I would like to thank the two anonymous reviewers for their time, feedback, and insightful comments. I also want to thank Dillon Landi for sometimes helping me make sense of my own thoughts and the young participants who continued to shift these thoughts.

Disclosure statement

No potential conflict of interest was reported by the author.

Notes

1. PhEmaterialism is a combination of post-humanism, feminisms and new materialisms.
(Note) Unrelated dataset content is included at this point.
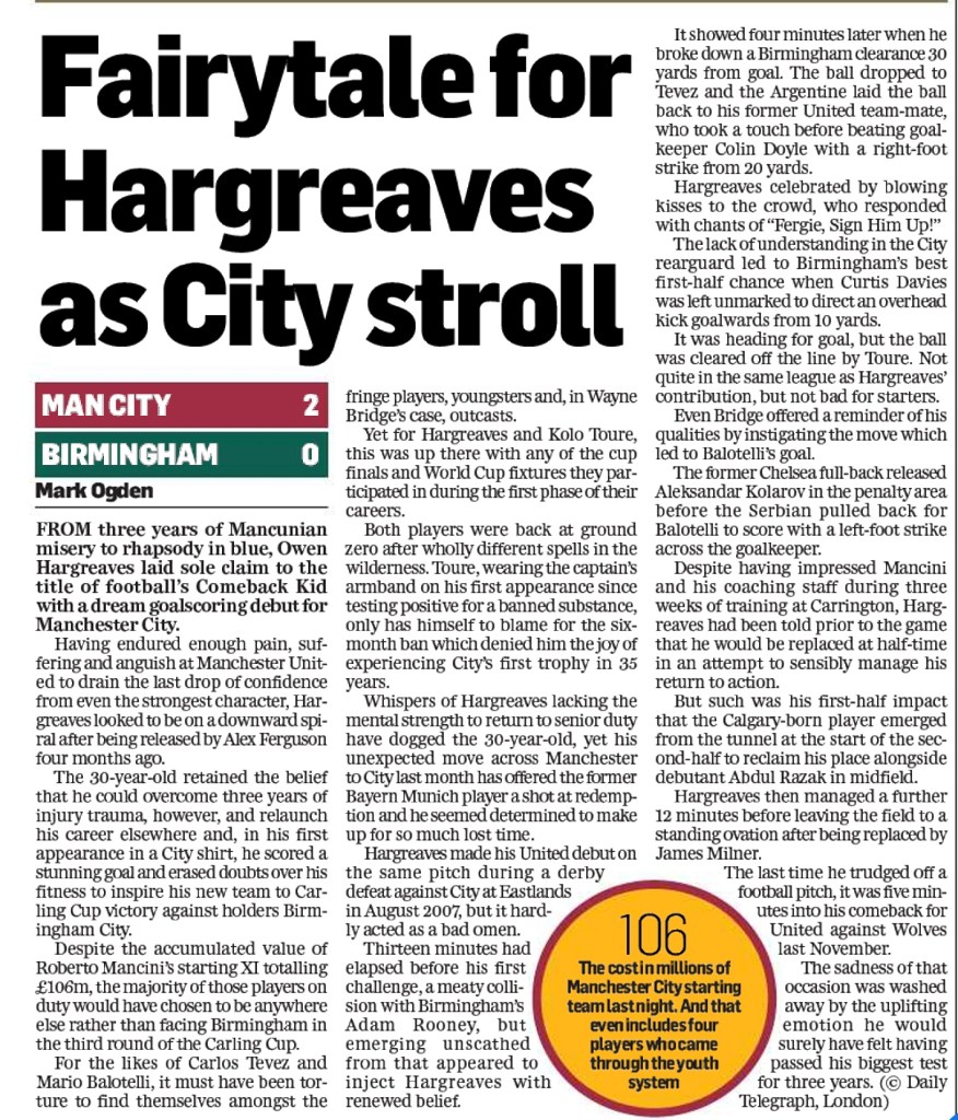 Here’s a match report from Owen Hargreaves’ Manchester City debut on this day (21 September) in 2011. The game ended 2-0 to Manchester’s Blues and was a League Cup tie. Mario Balotelli scored the other City goal. Notice the comments about the cost of City’s squad – yes, it really has been going on this long!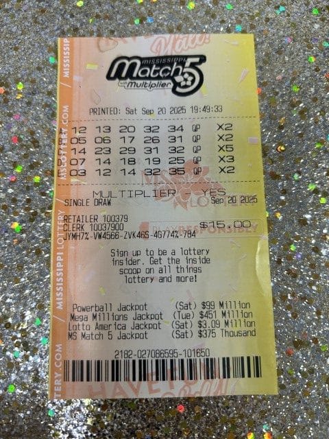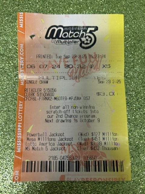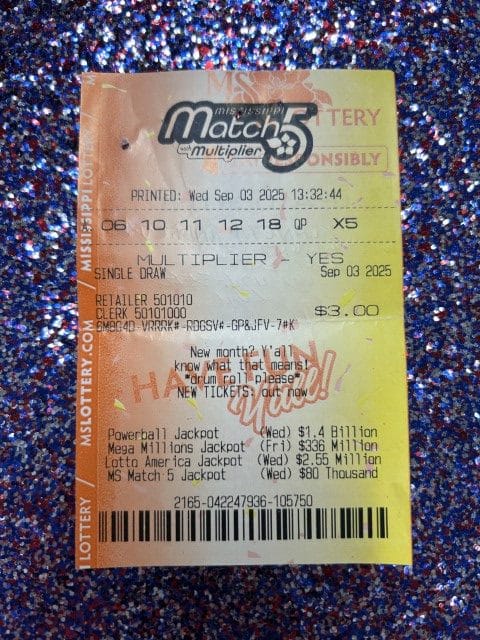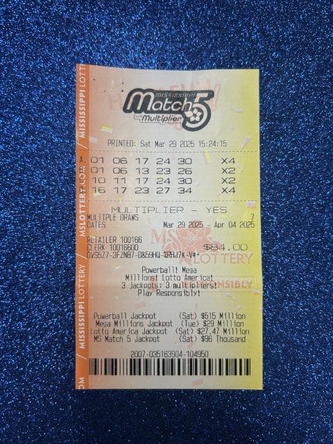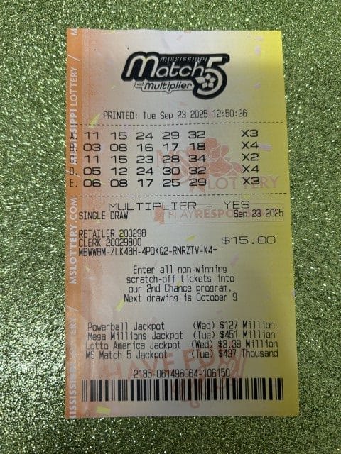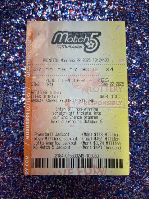 A Theodore, AL man won $1,000 on a Match 5 ticket from Keith’s Superstore #86 in Moss Point.

It started as an international working group of educators, researchers, students, artists and activists who seek to use these theories and methods to work with/through generative, creative approaches to research and practice.

Additional information

Notes on contributors

Carrie Safron

Carrie Safron recently finished her doctoral degree in Movement Sciences at Teachers College, Columbia University. As a (former) personal trainer with a background in nutrition and applied exercise physiology, she discovered a passion for qualitative research. Her research focuses on creative methods that provide young people with the chance to explore health, fitness, and physical activity in ways that they might not otherwise have been able to do. Mostly, she likes to work with young people because she learns so much from them and their interests give her a reason to binge on Netflix shows.